Not sure what you mean but he did say it was a closed end.  I would take that to mean that it is a functioning pen and that the point to see is the closed end part.  It does apear capped.


----------



## workinforwood (May 23, 2009)

It certainly is different.  You could do some damage throwing that baby at someone.  I wouldn't want to trip with it in my pocket either!


----------



## rej19 (May 23, 2009)

Probably wouldn't make it on the plane! I sure would hate to have it confiscated at airport. Nice looking pen!


----------



## Stick Rounder (May 23, 2009)

JohnU said:


> Looks good. I probably would have drilled the center to put an ink shaft it it so it wouldnt be considered a weapon, but nice job.


 
It is a full functioning ink pen and I agree, they probably won't let it on any airplane.


----------



## jkeithrussell (May 23, 2009)

I guess I'm a little slow this morning.  How is that supposed to ward off an attacker?


----------



## jleiwig (May 23, 2009)

jkeithrussell said:


> I guess I'm a little slow this morning. How is that supposed to ward off an attacker?


 
stabbing them through the eye with it?  Or any other fleshy body part?


----------



## GaryMadore (May 23, 2009)

jleiwig said:


> stabbing them through the eye with it?  Or any other fleshy body part?



Ahyup: Same as a kubotan:






Neck, groin, armpits...

I like the pen idea: Much more elegant than a keychain...

Cheers!

Gary


----------



## JohnU (May 23, 2009)

Stick Rounder said:


> It is a full functioning ink pen and I agree, they probably won't let it on any airplane.

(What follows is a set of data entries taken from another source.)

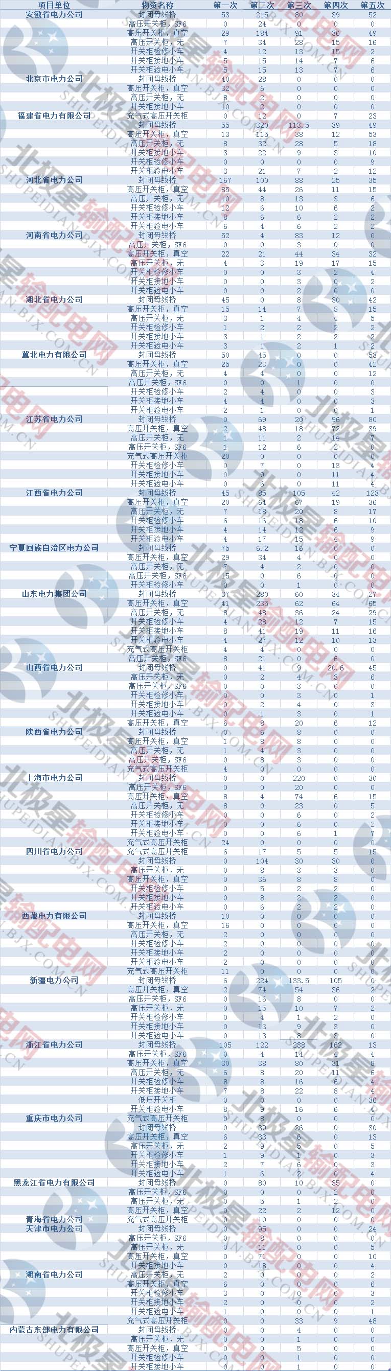 國家電網(wǎng)公司輸變電項目變電設(shè)備招標1-5批次30(20)KV開關(guān)柜招標情況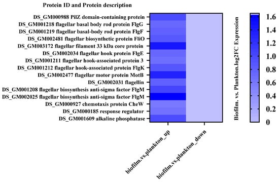 Up- and down-regulated flagellum-related DEPs in biofilm and planktonic cells.
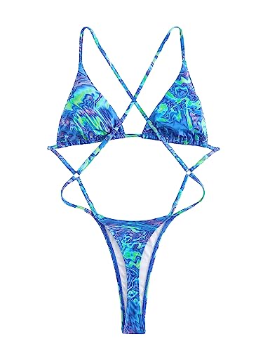 • Features: one piece bathing suit for women, criss-cross back, high cut, cut out, triangle cups, marble print, removable padding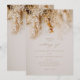 Um convite de casamento de outono romântico e moderno com realismo fotográfico, apresentando um buquê floral seco neutro em tons de trigo, ocre e ferrugem.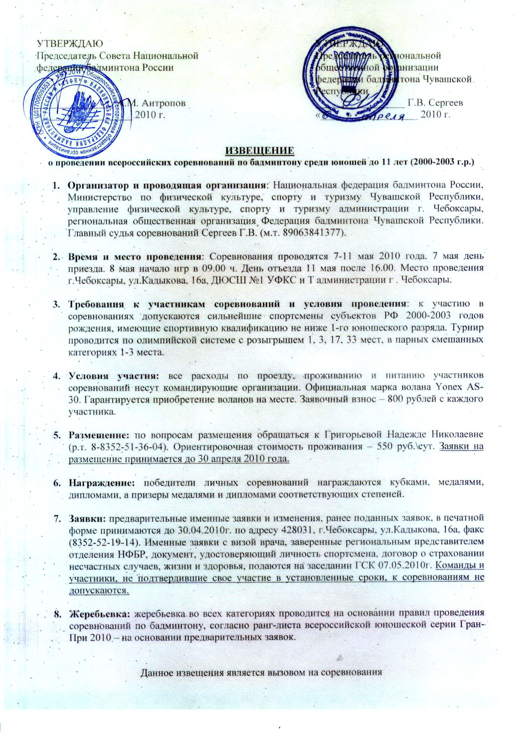 Всероссийские соревнования по бадминтону среди юношей до 11 лет (2000-2003 г.р.)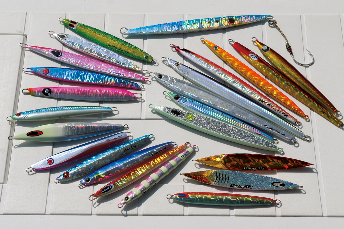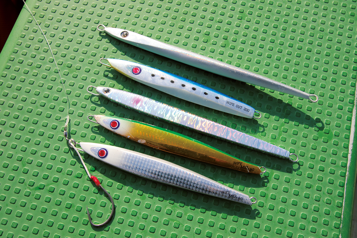 ▲タチウオパターンのようにメインベイトがはっきりしている場合は形も色も絞り込みやすい。そうでない場合はレンジに届くウエイトと形状を選び、色も水色や時間帯でシルバー系、ゴールド系、グロー系と使い分ける。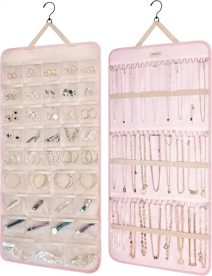 BAGSMART Hanging Jewelry Organizer Storage Roll with Hanger Metal Hooks Double-Sided Jewelry Holder for Earrings, Necklaces, Rings on Closet, Wall, Door, 1 piece, Extra Large, Pink — Price History & Tracker | DeserTracker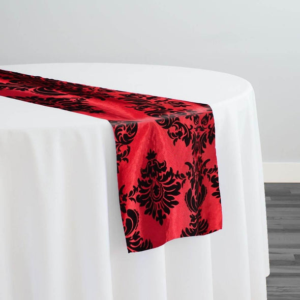 Damask Flocking Taffeta Table Runner in Black on Red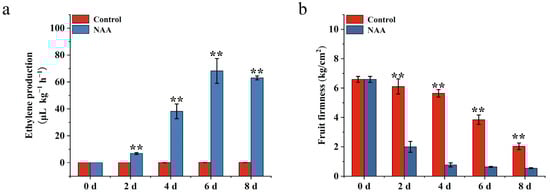 Ethylene production and fruit firmness analysis of ‘XC’ peach fruit after NAA treatment during room-temperature storage. (a) Ethylene production. (b) Fruit firmness. The X-axis represents the days of storage after harvest. Data are means ± SEs (n = 3), and significant differences (p < 0.01) by Student’s t-test between means are indicated by the symbol **.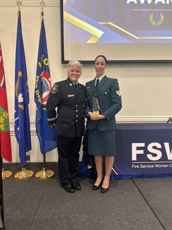 Sergeant Kathleen Jamieson, right, was presented the 2025 President’s Trailblazer Award by Fire Service Women Ontario president of Captain Tracey Shields, Ottawa Fire Service; for her contributions to advancing diversity and inclusion within the fire service and inspiring future generations. Jamieson has been a member of the Canadian Armed Forces’ fire service since 2014, and is a Fire Service Women Ontario board member. Submitted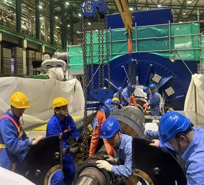 在发电机检修吊装转子时,发电机项目组面临着空间上的挑战,哪怕是1毫米的失误,都会引发严重后果。吊装期间,每一位成员紧密协作,凭借精湛的技能进行着精准调试,将转子安全、稳妥地放置于支架之上。“无他,但手熟尔,这是我们的核心能力!”吊装结束后,工作负责人杨岱平擦了擦汗,笑着说道。
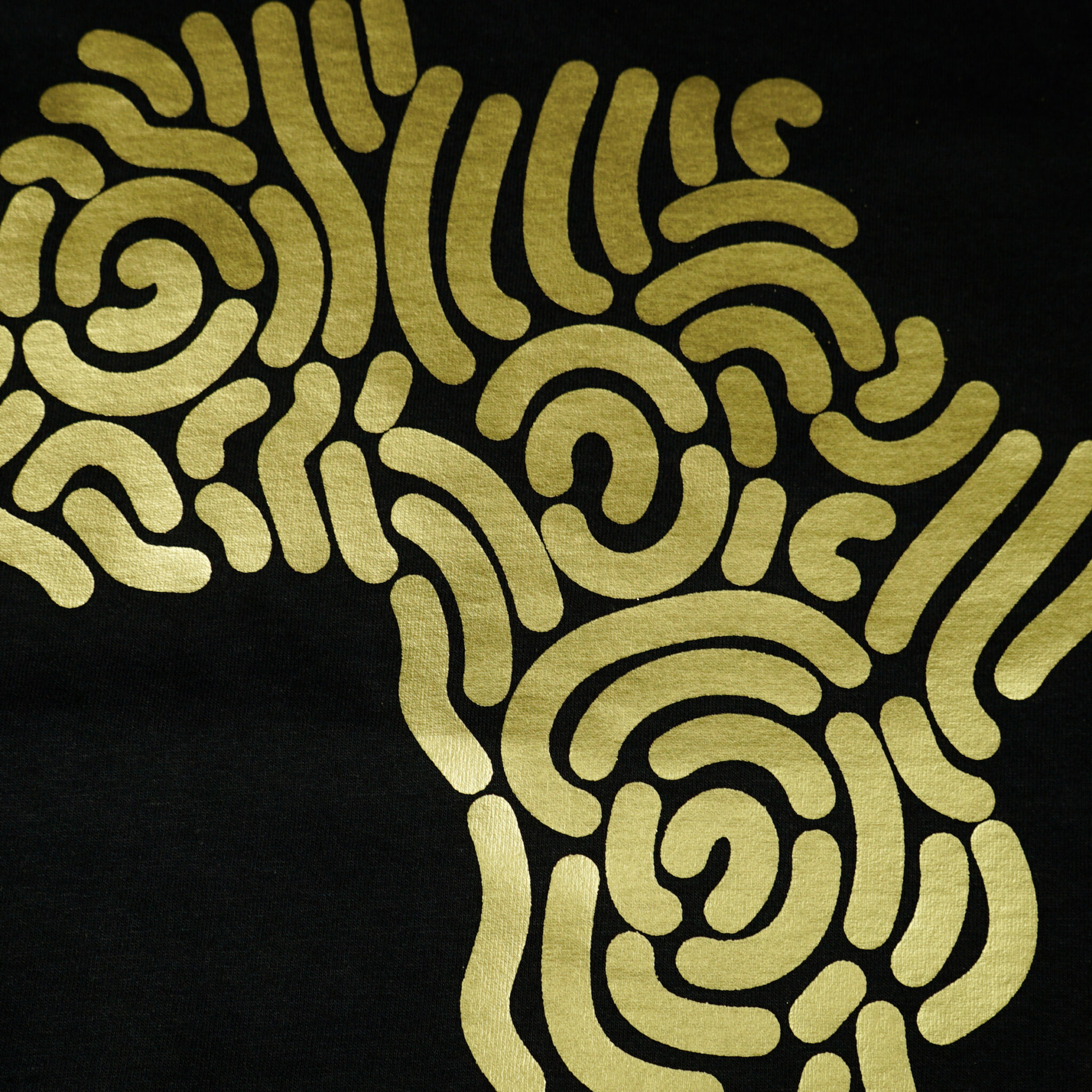Al momento del trasferimento, la colla si depositerà sul tessuto insieme alle porzioni di foil dorato coperte, per un fantastico effetto finale di stampa metallica.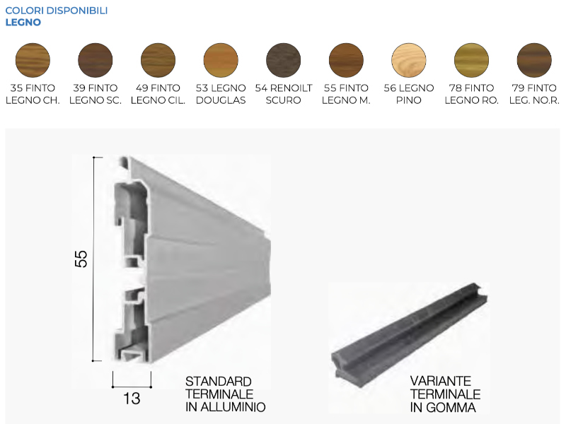 - Dimensioni delle stecche: 13 mm di altezza e 55 mm di larghezza;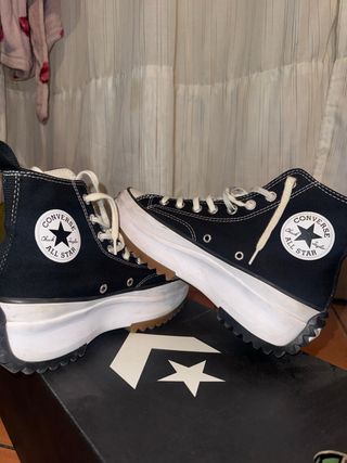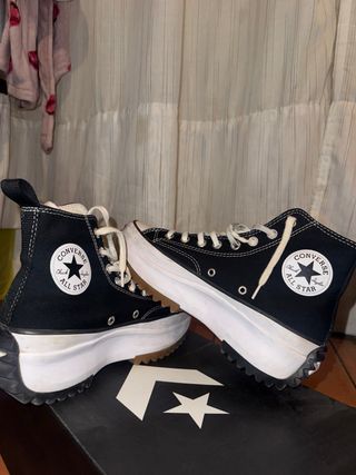 Zapatillas Converse Run Star Hike de caña alta en color negro y suela blanca. Son nuevas, me costaron 130€ en parquesur, las vendo porque tengo más y porque mido 1'75 y me hacen parecer muy alta. - Diseño con plataforma. - Cordones blancos.

 Sorry for the misunderstanding.  Well thought out, as long as your on the right/write end of it.


----------



## Fred (May 23, 2009)

A device such as this is not meant to be thrown as was spoken about above. Remember one thing about throwing a weapon, If it doesn't do the job it can then be picked up by the assailant and will be used against you who are now unarmed as you just gave them your weapon!

One of the easiest killing points - and I mean stone dead - is just above the ear along the temple. A hard jab with this to the temple and down they go folks. No problem!

Of course some defensive training would be prudent to have prior to even believing that this or the kubotan can be used effectively right out of the box.

The biggest problem would exist in getting these devices in your hand in time to use it. "Er, wait a second Mr. Badperson, I have to retrieve my weapon ..."

*Be aware of your surroundings* and if anything - and I mean anything seems out of sorts - get out of the area ASAP and don't look back. It is definitely better to be a bit late that a lot dead or hurt!


----------



## bitshird (May 23, 2009)

jkeithrussell said:


> I guess I'm a little slow this morning.  How is that supposed to ward off an attacker?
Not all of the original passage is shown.